Certain statements contained in this quarterly report on Form 10-Q are forward-looking statements within the meaning of Section 27A of the Securities Act of 1933, as amended (the “Securities Act”) and Section 21E of the Securities Exchange Act of 1934, as amended (the “Exchange Act”). The words “believe,” “may,” “will,” “estimate,” “continue,” “anticipate,” “intend,” “should,” “plan,” “expect,” “strategy,” “future,” “likely,” variations of such words, and other similar expressions, as they relate to the Company, are intended to identify forward-looking statements. In connection with the “safe harbor” provisions of the Private Securities Litigation Reform Act of 1995, the Company is identifying certain factors that could cause actual results to differ, perhaps materially, from those indicated by these forward-looking statements. Those factors, risks and uncertainties include, but are not limited to, potential changes in overall healthcare reimbursement — including CMS competitive bidding, sequestration, concentration of customers, increased focus on early detection of cancer, competitive treatments, dependency on Medicare Supplier Number, availability of chemotherapy drugs, global financial conditions, changes and enforcement of state and federal laws, natural forces, competition, dependency on suppliers, risks in acquisitions & joint ventures, US Healthcare Reform, relationships with healthcare professionals and organizations, technological changes related to infusion therapy, dependency on websites and intellectual property, the ability of the Company to successfully integrate acquired businesses, dependency on key personnel, dependency on banking relations and covenants, and other risks associated with our common stock, as well as any other litigation to which the Company may be subject from time to time; and other risk factors as discussed in the Company’s annual report on Form 10-K for the year ended December 31, 2013 and in other filings made by the Company from time to time with the Securities and Exchange Commission.

 

Item 2. Management’s Discussion and Analysis of Financial Condition and Results of Operations

Overview

We are a leading provider of infusion pumps and related services. We service hospitals, oncology practices and other alternate site healthcare providers. Headquartered in Madison Heights, Michigan, we deliver local, field-based customer support, and also operate Centers of Excellence in Michigan, Kansas, California, Texas, and Ontario, Canada.
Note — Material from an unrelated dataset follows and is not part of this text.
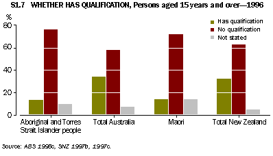 An urban population The Australian Indigenous population is becoming increasingly urbanised. 'Urban' is defined as a population centre of 1,000 or more people. At the 1991 Census, 67.6% of Indigenous people lived in urban areas; by the time of the 1996 Census this had increased to 72.6% (graph S1.4). In comparison, 85.1% of the total population lived in urban areas in 1991, increasing marginally to 85.9% in 1996 (ABS 1998c). By contrast, New Zealand Maori are more urbanised than Australia's Indigenous people, with 83.1% living in urban areas in both 1991 and 1996; this is very close to the proportion of the total New Zealand population residing in urban areas in both years (85.0%) (SNZ 1997b, 1997d). The urbanisation of Indigenous Australians does not reflect a mass movement to cities and towns by Indigenous people. Since the urban and rural classification is population based, some of the increase is a result of changes in classification of some smaller urban centres. Some of the increase is also a function of changes in the willingness of Indigenous Australians to identify themselves as such on the census form. This effect is more common in urban areas than in rural areas. There are differences in the types of urban centres in which Indigenous and other Australians reside. In 1996, Aboriginal and Torres Strait Islander Australians were less likely than the general population to be living in major urban areas of 100,000 or more people (30.3% of Indigenous people compared to 62.7% of the total population). On the other hand 42.3% of Indigenous people lived in smaller centres of between 1,000 and 99,999 people; in contrast, only 23.2% of the total population lived in smaller urban centres (ABS 1998c). Person characteristics Language The Australian Census asks each person which language he or she speaks at home. In 1996, 13.3% of Australian Indigenous people reported speaking an Indigenous language at home (ABS 1998c). In contrast, the New Zealand Census asks in which languages a person can carry on a conversation about everyday things. Of New Zealand Maori, 24.7% reported being able to carry on a conversation in the Maori language (SNZ 1997b). The Canadian Census, on the other hand, asks both language spoken at home and ability to carry on a conversation. A similar proportion of Aboriginal Canadians spoke an Aboriginal language at home as Indigenous Australians (15.0% and 13.3% respectively); at the same time a similar proportion of Aboriginal Canadians could carry on a conversation in an Aboriginal language as New Zealand Maori (29.3% and 24.7% respectively) (Statistics Canada 1998). In all three countries, indigenous language use was highest among older indigenous people and those living outside urban areas (ABS 1998c, SNZ 1997b, Statistics Canada 1998). In Australia, most Indigenous language speakers were concentrated in the north and west (map S1.5). Some areas where there were high numbers of not stated responses showed very low proportions of Indigenous language speakers. S1.5 INDIGENOUS LANGUAGE SPEAKERS, Proportion of Indigenous Population Source: 1996 Census of Population and Housing. Education Indigenous Australians were less likely to be attending an educational institution full-time than other Australians. In 1996, 73.7% of Indigenous 15 year olds were in full-time education compared to 91.5% of all 15 year olds (graph S1.6). At older ages the disparity between Indigenous and total persons increased, so that at age 19, when tertiary education could be expected to occur, only 12.0% of Indigenous persons were in full-time education, one-third the rate for total persons. The proportions of Aboriginal and Torres Strait Islander people and New Zealand Maori with a post-school qualification were very similar in 1996 at 13.6% and 14.3% respectively (graph S1.7). In contrast, 34.4% of the total population of Australia and 32.2% of the total New Zealand population had a post-school qualification (ABS 1998c, SNZ 1997b, 1997c). Indigenous people in major urban centres of 100,000 people or more were more likely to have a qualification than those in other areas (ABS 1998c). Labour force At the time of the 1996 Census, 52.7% of Australia's Indigenous population aged 15 years and over were in the labour force, in comparison to 61.9% of the total population of the same age group (table S1.8). Of the Indigenous labour force participants, 22.7% were unemployed, more than double the unemployment rate for the total population (9.2%). Thus, proportionally fewer Indigenous Australians were active in the labour force (that is, working or looking for work) and, of those in the labour force, proportionally fewer had a job. By contrast, there was virtually no difference in the proportions of both New Zealand Maori (65.3%) and the total New Zealand population (65.4%) in the labour force. The unemployment rate for Maori (17.5%), while lower than that for Indigenous Australians, was still more than double the rate for the total New Zealand population.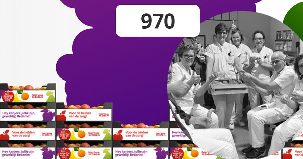 “Al de gehele coronaperiode steunen wij samen met onze klanten de zorg met vers fruit. Doordat onze klanten het fruit dat zij normaal op de werkvloer geleverd krijgen nu door ons in de zorg laten leveren. We hebben dat idee nu supergroots aangepakt en willen samen met ondernemend Nederland onze zorgmedewerkers in zoveel mogelijk ziekenhuizen met heerlijk vers fruit en een warme boodschap een fruitboost bezorgen! Ondernemend Nederland maar ook particulieren kunnen op onze site www.fruitvoordezorg.nl het aantal fruitboxen doorgeven dat ze willen aanbieden aan het ziekenhuis naar keuze. Hierdoor kan men lokaal de zorgmedewerkers steunen. Ook kan men hier het bedrijfslogo uploaden en een eigen boodschap achterlaten op de fruitboost. Hiermee hopen we van deze tijd, die smaakt als een zure appel, toch iets nuttigs te maken en de zorg met elkaar een hart onder de riem te steken. De teller staat na de lancering afgelopen week al op ruim 970 fruitboxen met meer 36.000 stukjes fruit voor onze toffe zorgperen. "

We supply electronic ambulatory infusion pumps and associated disposable supply kits to oncology practices, infusion clinics and hospital outpatient chemotherapy clinics. These pumps and supplies are utilized primarily by colorectal cancer patients who receive a standard of care treatment that utilizes continuous chemotherapy infusions delivered via electronic ambulatory infusion pumps. We obtain an assignment of insurance benefits from the patient, bill the insurance company or patient accordingly, and collect payment. We provide pump management services for the pumps and associated disposable supply kits to over 1,800 oncology practices in the United States, and retain title to the pumps during this process.

We sell or rent new and pre-owned pole mounted and ambulatory infusion pumps to, and provide biomedical recertification, maintenance and repair services for, oncology practices as well as other alternate site settings including home care and home infusion providers, skilled nursing facilities, pain centers and others.

Additionally, we sell, rent, service and repair new and pre-owned infusion pumps and other medical equipment. We also sell a variety of primary and secondary tubing, cassettes, catheters and other disposable items that are utilized with infusion pumps.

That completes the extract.